==== Supplied material ====
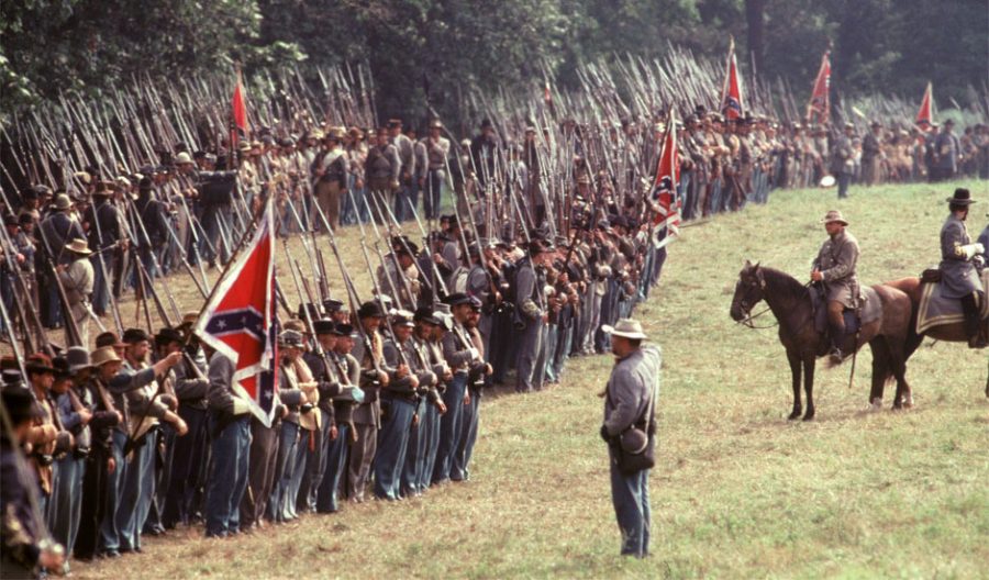 Like the book the script focuses almost exclusively on a number of the officers involved (a token fictitious sergeant speaks for the cannon fodder troops–on the Union side) and centers around three separate parts of the battle including the two most celebrated: the Yanks heroic defense of a hill called Little Round Top and the Rebs valiant, go-for-broke frontal assault forever known as ‘Pickett’s Charge’.
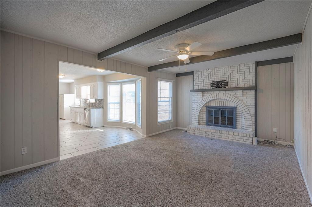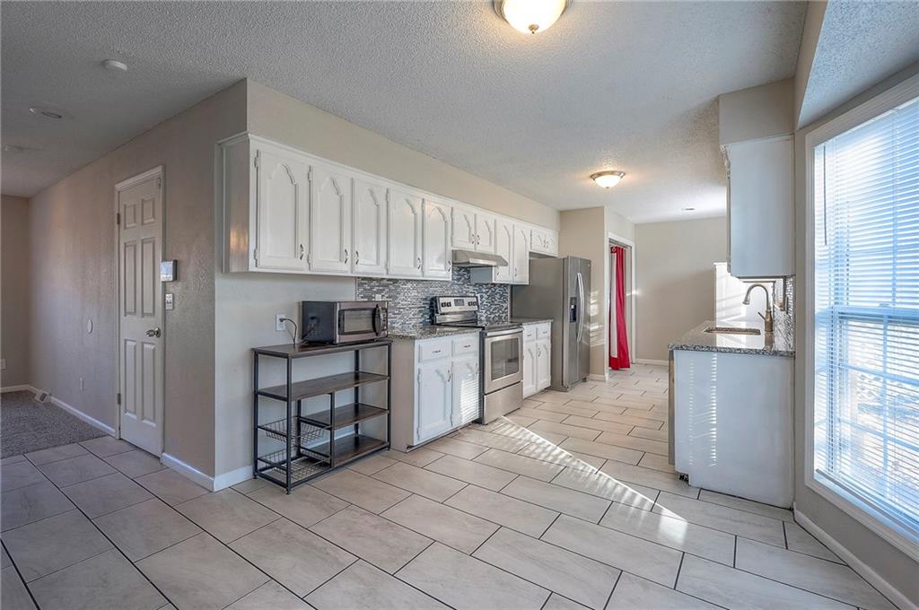 Welcome to this gorgeous ranch home in Belton! This home features 3 bedrooms and 2 baths, offering fantastic curb appeal with brick trim and a very bright, open layout that feels warm and inviting from the moment you walk through the front door. Relax and enjoy time with family in the huge family room, centered around a charming brick fireplace—such an ideal gathering space. You’ll love the large living room and spacious formal dining room, perfect for entertaining family and friends. The kitchen includes stainless steel appliances, granite countertops, painted cabinets, and tile flooring that flows through the dining area, entry, and both bathrooms for a clean, cohesive look. The master bedroom features an updated bathroom with granite countertops and a large walk-in closet. The second and third bedrooms are generously sized, and the second full bath has also been upgraded with beautiful granite countertops. Carpet in the main living areas and bedrooms provides comfort and consistency throughout. The full, unfinished basement is massive and offers excellent potential—use it for storage or finish it to add additional living space. In the backyard, you’ll enjoy a spacious fenced yard with mature trees and a patio which is ideal for entertaining or relaxing on warm evenings. The home is conveniently located near shopping, dining, and highway access. Some TLC may be needed depending on buyers vision. (Upgrade allowance provided at this price point. Visit with listing agent for information.)
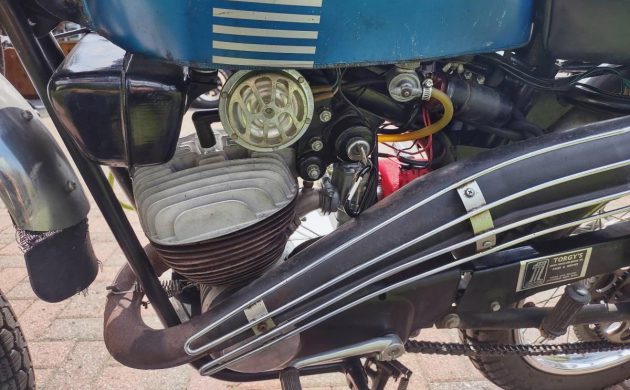 The engine, protected by a steel plate for off-road use, is Aermacchi’s 124-cc, oil-injected two-stroke single with 15 horsepower, and it’s sent through a five-speed manual to a dual-sprocket rear wheel. I had a similar system on a 1967 Honda CT90 that I had recently, and it wasn’t ideal to change between the two sprockets. This one appears to have had the engine cases painted black, which isn’t the end of the world with the black, upswept off-road-friendly exhaust being black. It’s said to run well if you push-start it, but the kicker isn’t working. Gearbox and hard-to-shift issues are fairly common, so hopefully it isn’t related to that. Have any of you heard of this model?
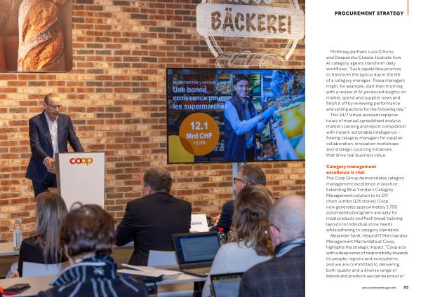 McKinsey partners Luca D’ Avino and Deepanshu Chawla illustrate how AI category agents transform daily workflows:“ Such capabilities promise to transform the typical day in the life of a category manager. These managers might, for example, start their morning with a review of AI-produced insights on market, spend and supplier news and finish it off by reviewing performance and setting actions for the following day.” This 24 / 7 virtual assistant replaces hours of manual spreadsheet analysis, market scanning and report compilation with instant, actionable intelligence – freeing category managers for supplier collaboration, innovation workshops and strategic sourcing initiatives that drive real business value.
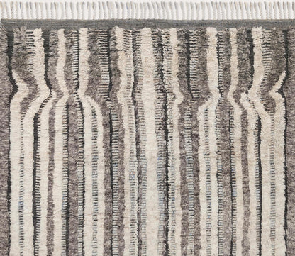 Anchor your space with the rich sense of contrast and diverse texture of Loloi's Khalid Stone Charcoal Area Rug, available in a 6 x 9 or 8 x 10 size. Hand-knotted in India by skilled artisans, this handmade area rug features a Moroccan-inspired design with natural, undyed wool and nylon yarns of varying pile heights that incorporates plush flokati-style shag alongside a low woven base. With braided fringes at either end, the neutral stripes stretch the length of the rug and gently waver in a fluid sense of motion.
====
_What you should do_
Word for word, set down every line of the records above, and leave the pictures out.

_Response area_
 Like the book the script focuses almost exclusively on a number of the officers involved (a token fictitious sergeant speaks for the cannon fodder troops–on the Union side) and centers around three separate parts of the battle including the two most celebrated: the Yanks heroic defense of a hill called Little Round Top and the Rebs valiant, go-for-broke frontal assault forever known as ‘Pickett’s Charge’.
 Welcome to this gorgeous ranch home in Belton! This home features 3 bedrooms and 2 baths, offering fantastic curb appeal with brick trim and a very bright, open layout that feels warm and inviting from the moment you walk through the front door. Relax and enjoy time with family in the huge family room, centered around a charming brick fireplace—such an ideal gathering space. You’ll love the large living room and spacious formal dining room, perfect for entertaining family and friends. The kitchen includes stainless steel appliances, granite countertops, painted cabinets, and tile flooring that flows through the dining area, entry, and both bathrooms for a clean, cohesive look. The master bedroom features an updated bathroom with granite countertops and a large walk-in closet. The second and third bedrooms are generously sized, and the second full bath has also been upgraded with beautiful granite countertops. Carpet in the main living areas and bedrooms provides comfort and consistency throughout. The full, unfinished basement is massive and offers excellent potential—use it for storage or finish it to add additional living space. In the backyard, you’ll enjoy a spacious fenced yard with mature trees and a patio which is ideal for entertaining or relaxing on warm evenings. The home is conveniently located near shopping, dining, and highway access. Some TLC may be needed depending on buyers vision. (Upgrade allowance provided at this price point. Visit with listing agent for information.)
 The engine, protected by a steel plate for off-road use, is Aermacchi’s 124-cc, oil-injected two-stroke single with 15 horsepower, and it’s sent through a five-speed manual to a dual-sprocket rear wheel. I had a similar system on a 1967 Honda CT90 that I had recently, and it wasn’t ideal to change between the two sprockets. This one appears to have had the engine cases painted black, which isn’t the end of the world with the black, upswept off-road-friendly exhaust being black. It’s said to run well if you push-start it, but the kicker isn’t working. Gearbox and hard-to-shift issues are fairly common, so hopefully it isn’t related to that. Have any of you heard of this model?
 McKinsey partners Luca D’ Avino and Deepanshu Chawla illustrate how AI category agents transform daily workflows:“ Such capabilities promise to transform the typical day in the life of a category manager. These managers might, for example, start their morning with a review of AI-produced insights on market, spend and supplier news and finish it off by reviewing performance and setting actions for the following day.” This 24 / 7 virtual assistant replaces hours of manual spreadsheet analysis, market scanning and report compilation with instant, actionable intelligence – freeing category managers for supplier collaboration, innovation workshops and strategic sourcing initiatives that drive real business value.
 Anchor your space with the rich sense of contrast and diverse texture of Loloi's Khalid Stone Charcoal Area Rug, available in a 6 x 9 or 8 x 10 size. Hand-knotted in India by skilled artisans, this handmade area rug features a Moroccan-inspired design with natural, undyed wool and nylon yarns of varying pile heights that incorporates plush flokati-style shag alongside a low woven base. With braided fringes at either end, the neutral stripes stretch the length of the rug and gently waver in a fluid sense of motion.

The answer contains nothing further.